Schönes neues Montiropa

In Montis elitärem Verständnis der EU stehen Parlamente beim Euro-Retten nur im Weg.

Wer ein Feuer löschen will, kann vorher keine basisdemokratische Abstimmung darüber abhalten, wie viel Kubikmeter Wasser durch den Schlauch gepumpt werden soll. Dieser Logik folgend wandte sich Italiens oberster Brandmeister, Premier Mario Monti, dagegen, den Parlamenten allzu viel Mitspracherechte bei der Rettung des Euro einzuräumen. Wenn sich Regierungen durch Vorgaben ihrer Parlamente binden ließen und keinen Verhandlungsspielraum hätten, wäre „das Auseinanderbrechen Europas“ wahrscheinlicher als eine engere Integration, sagte er zum Nachrichtenmagazin „Spiegel“.

Man muss dem Professor für seine ehrlichen Worte dankbar sein. Denn besser ließe sich das mangelnde Demokratiebewusstsein der EU-Eliten kaum auf den Punkt bringen. Monti und andere aufgeklärte Herrscher meinen es sicher gut. Doch ihr Politikverständnis ist irgendwo zwischen Techno- und Autokratie angesiedelt. Wie sonst könnte Italiens Premier ernsthaft dozieren, dass jede Regierung die Pflicht habe, das Parlament zu erziehen? In „Montiropa“ geht die Macht nicht einmal mehr rhetorisch vom Volk aus. Da stehen Bürger und Parlamente beim Euro-Retten nur noch im Weg.

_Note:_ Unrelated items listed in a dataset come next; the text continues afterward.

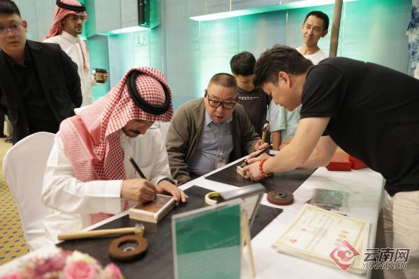 “我们这次带来50枚铜版画样本,沙特当地群众可以自己动手打造,定制属于自己蛇年福字画,打完还可以获得我们乌铜走银传习馆颁发的非遗传播人荣誉证书,满满的仪式感和参与感让大家感受到非遗的魅力,50枚铜版画样本很快就被抢光了。”云南乌铜走银传习馆负责人丁大为表示,今年年初,乌铜走银走出国门不是第一次,今年年初,乌铜走银亮相缅甸展会,同样深受当地群众喜爱。下一步,将继续推动乌铜走银走出云南、走出国门。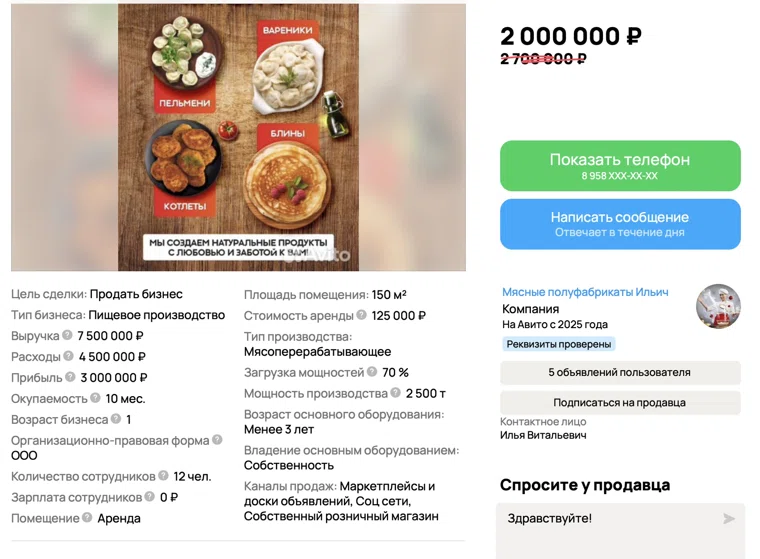 Фото: скрин сайта «Авито», https://www.avito.ru/chelyabinsk/gotoviy_biznes/prodam_gotovyy_biznes_myasnyh_polufabrikatov_ilich_7746249315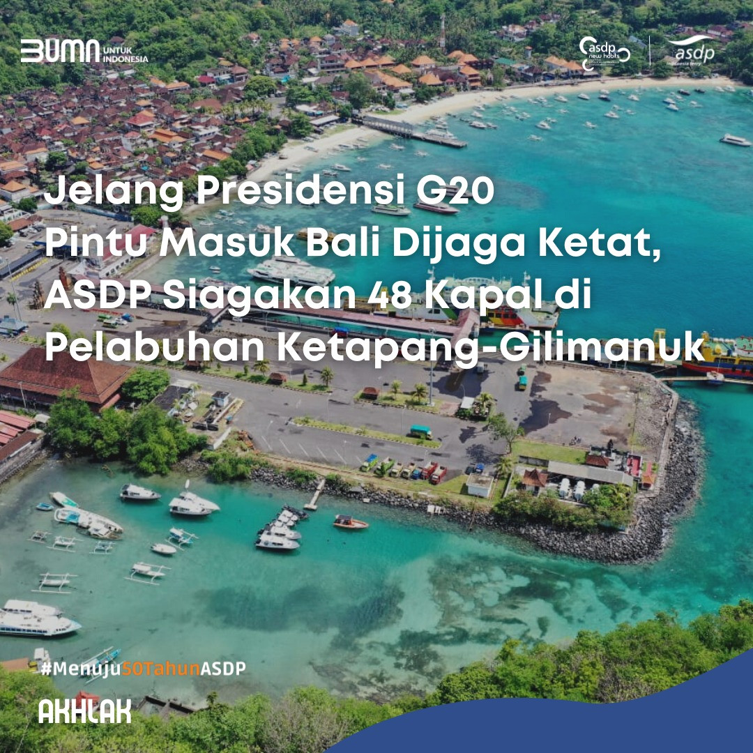 9 November 2022Ketapang, 9 November 2022 --- PT ASDP Indonesia Ferry (Persero) memastikan telah mempersiapkan prasarana dan sarana layanan penyeberangan guna mendukung perhelatan Presidensi G20 yang akan berlangsung di Bali pada 15-16 November 2022.Corporate Secretary PT ASDP Indonesia Ferry (Persero) Shelvy Arifi...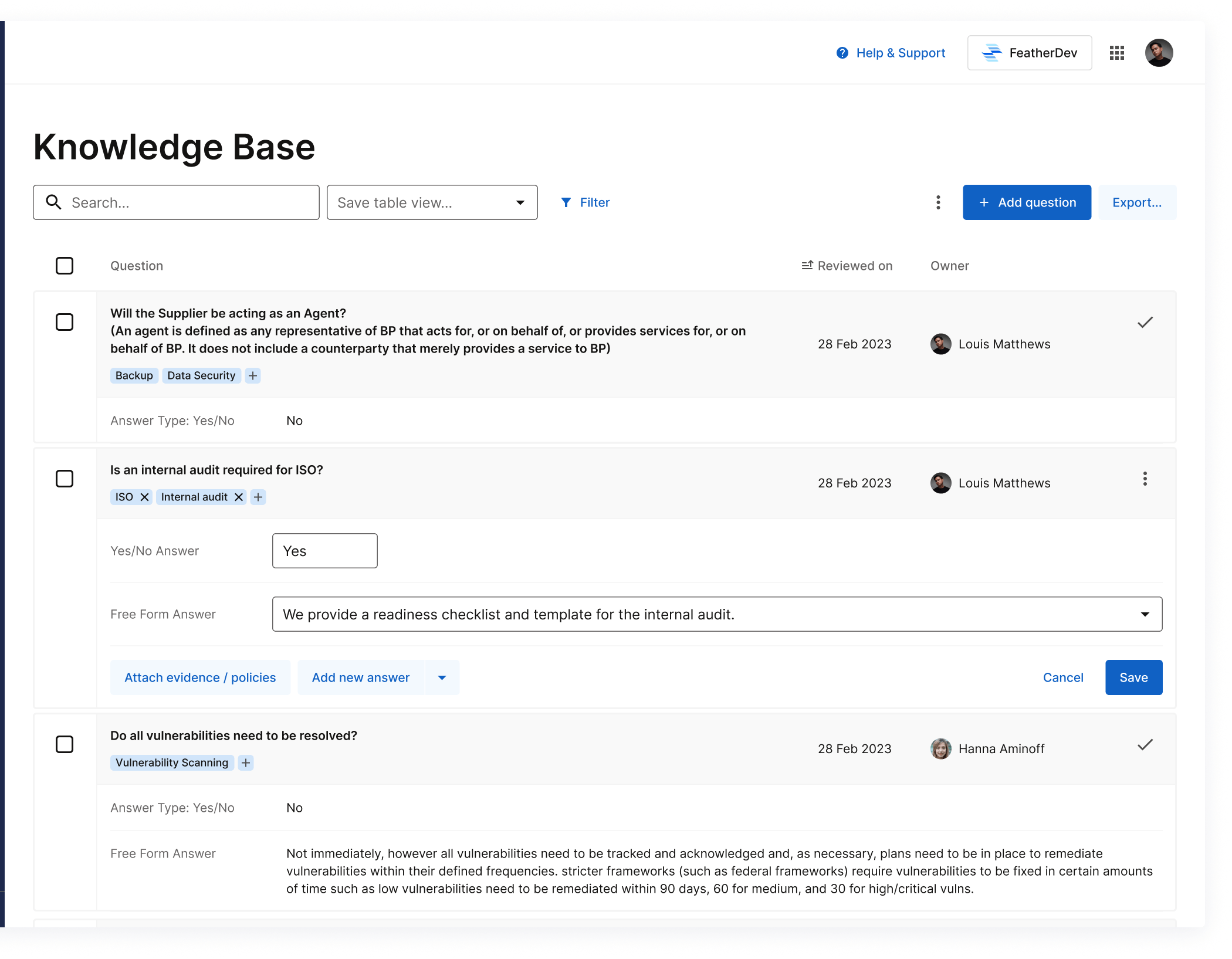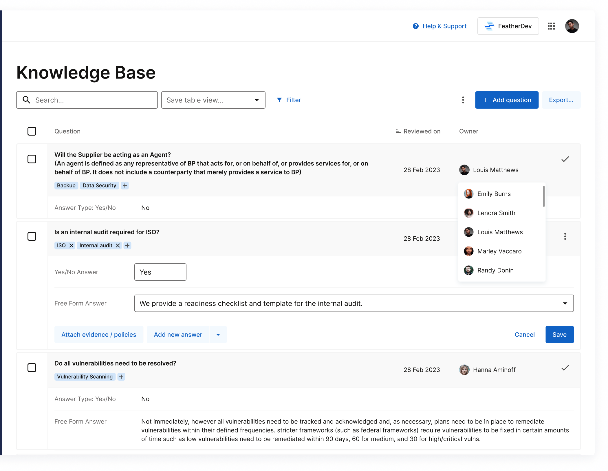 Subject-matter experts can be assigned to answer specific questions in the Knowledge Base to ensure they are kept as up-to-date and accurate as possible. You may also attach evidence or policies to content in the Knowledge Base as additional context.

Es stimmt schon, dass demokratische Prozesse langwierig sein können. Doch sie haben den unschätzbaren Vorteil, demokratisch zu sein. Wenn unter dem Diktat der Krise demokratische und rechtsstaatliche Institutionen an den Rand gedrängt werden, könnte das dem Projekt Europa langfristig mehr schaden als die eine oder andere Verzögerung bei Euro-Entscheidungen. Ganz abgesehen davon, dass der europäische Feuerwehrtrupp auch drei Jahre nach den ersten griechischen Rauchzeichen nicht den Eindruck erweckt, so ganz genau zu wissen, wie der Flächenbrand in Euroland eingedämmt werden kann.